# Proper use of PraziPro



## joeygirl (Feb 26, 2013)

I have a Demasoni that I have not seen eat for almost a week now and he hides when it's time for feeding. Also, I have lost two fish recently (a red jewel and an Acei). I have seen a few clear/whitish stringy poop floating in the tank. This worried me and I quickly did a water test and all parameters were good. So I paid a visit to my LFS which produced a diagnosis of possible bloat/internal parasites and the recommendation to use PraziPro. I've never heard of this product before and so I trusted their advice and bought it. Since coming home and doing some research on the web, I'm not entirely sure if it will work on bloat (since it only talks about worms/flukes???? I am new to the hobby and therefore have had few experiences with sick fish. Can anyone confirm if this product is appropriate to use, and if so, can you please clarify the usage. I interpret the instructions as follows:

First treatment (one time only) lasts for 5 - 7 days - if the situation requires further treatment, then once every 3 days is the limit.

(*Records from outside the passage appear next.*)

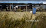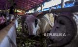 Pekerja memberi pakan hewan qurban di salah satu tempat penjualan hewan qurban di Jalan Soekarno Hatta, Cipamokolan, Kota Bandung, Jawa Barat, Kamis (8/6/2023). Dinas Ketahanan Pangan dan Peternakan (DKPP) Jawa Barat menyebutkan kebutuhan hewan qurban di Jawa Barat pada Hari Raya Idul Adha diperkirakan mencapai 260 ribu ekor. Sementara stok ketersediaan hewan qurban mulai dari sapi, kambing, domba dan kerbau di Jawa Barat sebanyak 500 ribu ekor. (FOTO : ABDAN SYAKURA/REPUBLIKA)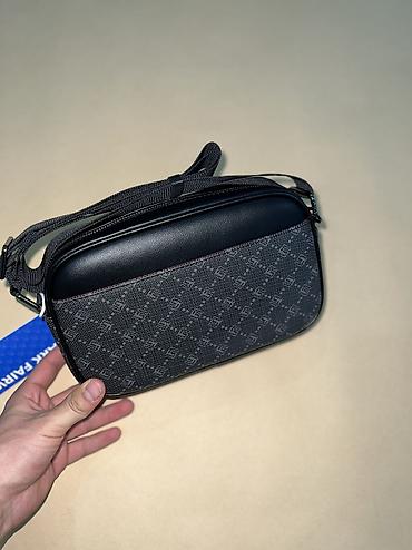 Мужская компактная сумка через плечо - Брендовые модели: COACH (черный монограмный принт Signature) и LACOSTE (черный с геометрическим узором и логотипом). - Формат: кросс-боди/«камера-бэг». - Мат...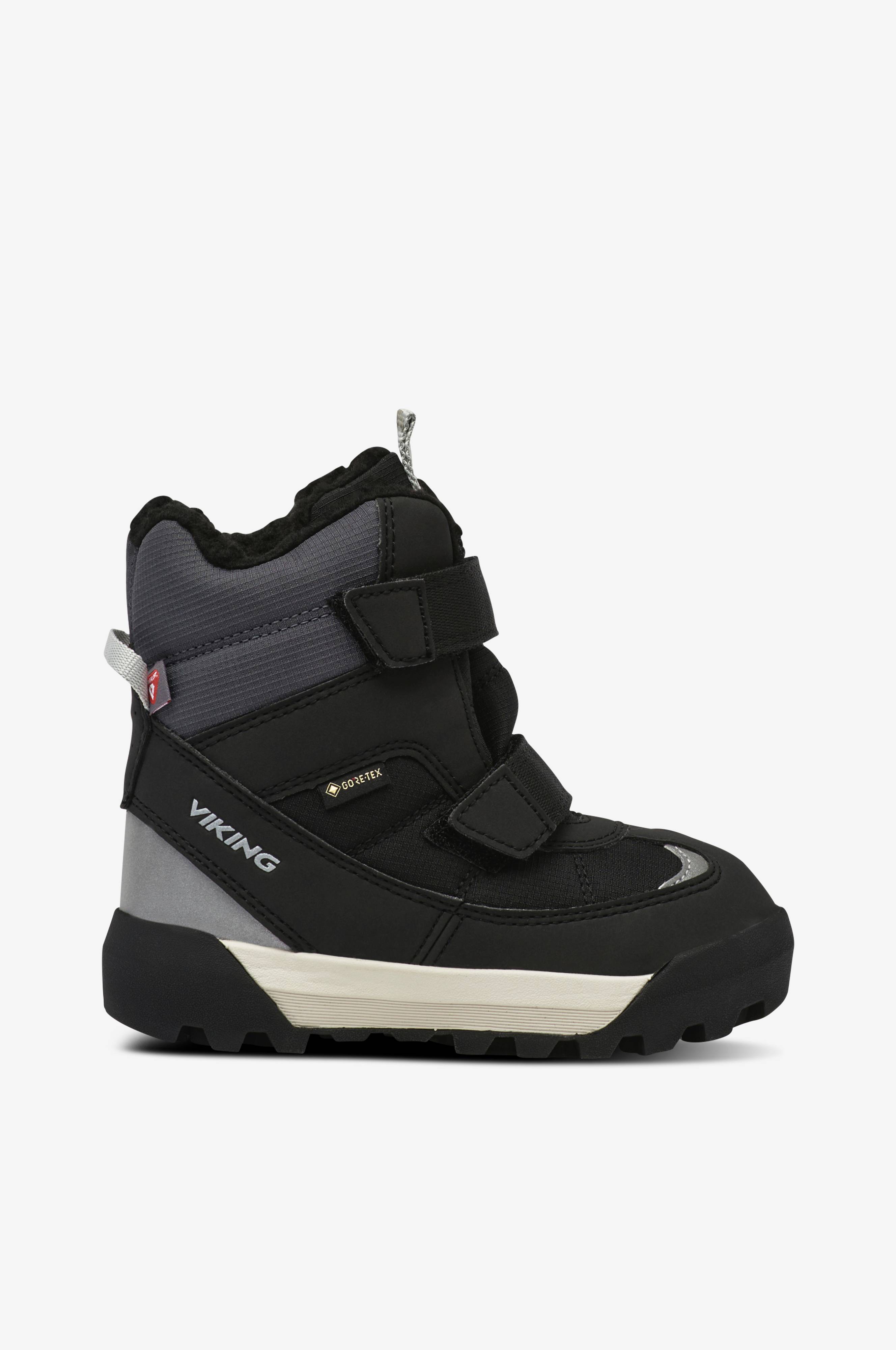 • Varmt forede, lete vinterstøvler med vandtæt GORE-TEX®-membran • Høj åndbarhed • Øvredel i tekstil og kunststof • To justérbare velcrobånd • Reflekterende detaljer • Træksnore bag på skaftet og på pløsen • Isolerende, stødsikker EVA mellemsål • Skridsikker ydersål i gummi • Varm isolering med Primaloft Gold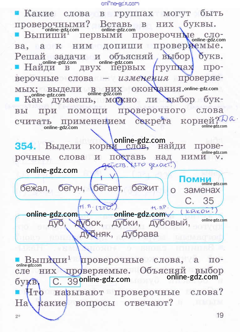 Готовые домашние задания по Русскому языку за 2 класс Рабочая тетрадь Соловейчик, Кузьменко Гармония 2012 - Часть 2. Страницы 19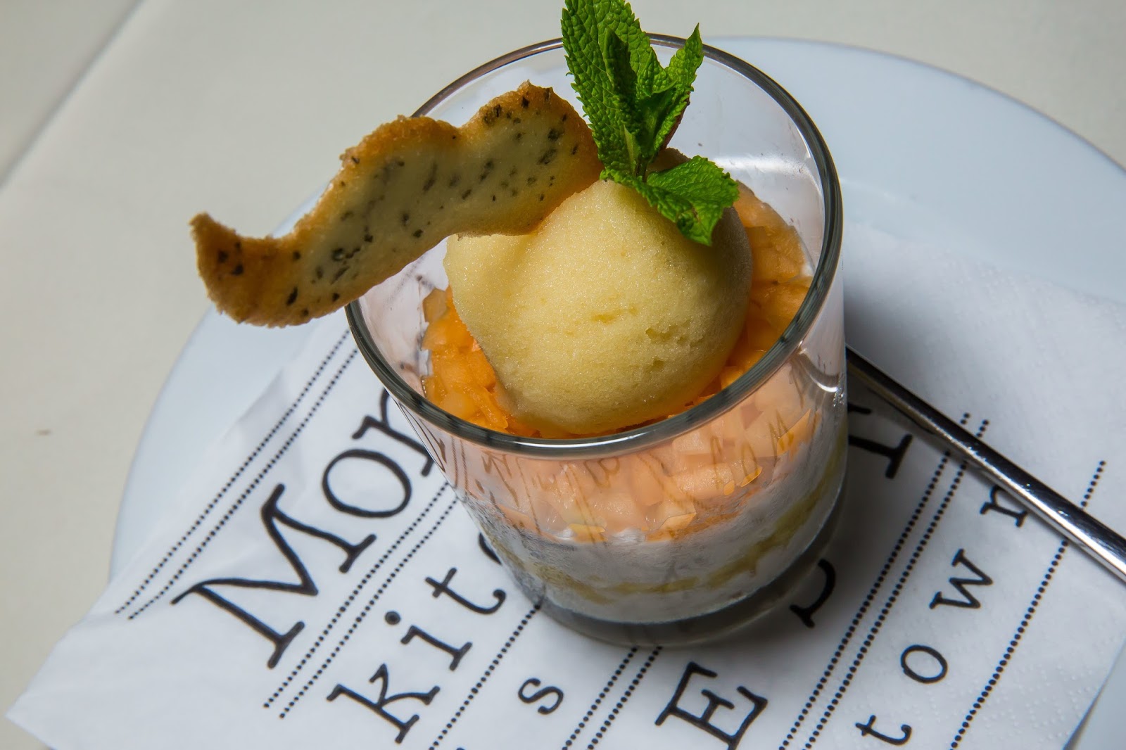 | Nachspeise in Kondensmilch gekochter Wildreis mit Ananas und Mango, Passionsfruchtsorbet und Rosmarin Sables |

Also read that Epsom salt will help purge their bellies (like a laxative)


----------



## GTZ (Apr 21, 2010)

As far as I know, praziqantel is not an effective medication for bloat, as you say it's more effective against worms.
Epsom salt and metronidazole are the most common medications used for bloat like symptoms. Check the bloat article linked below for more information.


----------



## joeygirl (Feb 26, 2013)

Okay - I picked up some Epsom salts and Metronidazole. Can you please clarify if the 2 tbsp of Epsom salts/10 gallons refers to the total amount of water in the tank or only to the amount I am changing (30- 40%). Same for the Metro - is the amount calculated on the changed water or the entire tank. Thx.


----------



## GTZ (Apr 21, 2010)

Dosages are calculated using the total volume of the tank being treated.


----------



## joeygirl (Feb 26, 2013)

Thank you - just wanted to be sure. Fingers crossed all goes well.


----------



## joeygirl (Feb 26, 2013)

joeygirl said:


> Thank you - just wanted to be sure. Fingers crossed all goes well.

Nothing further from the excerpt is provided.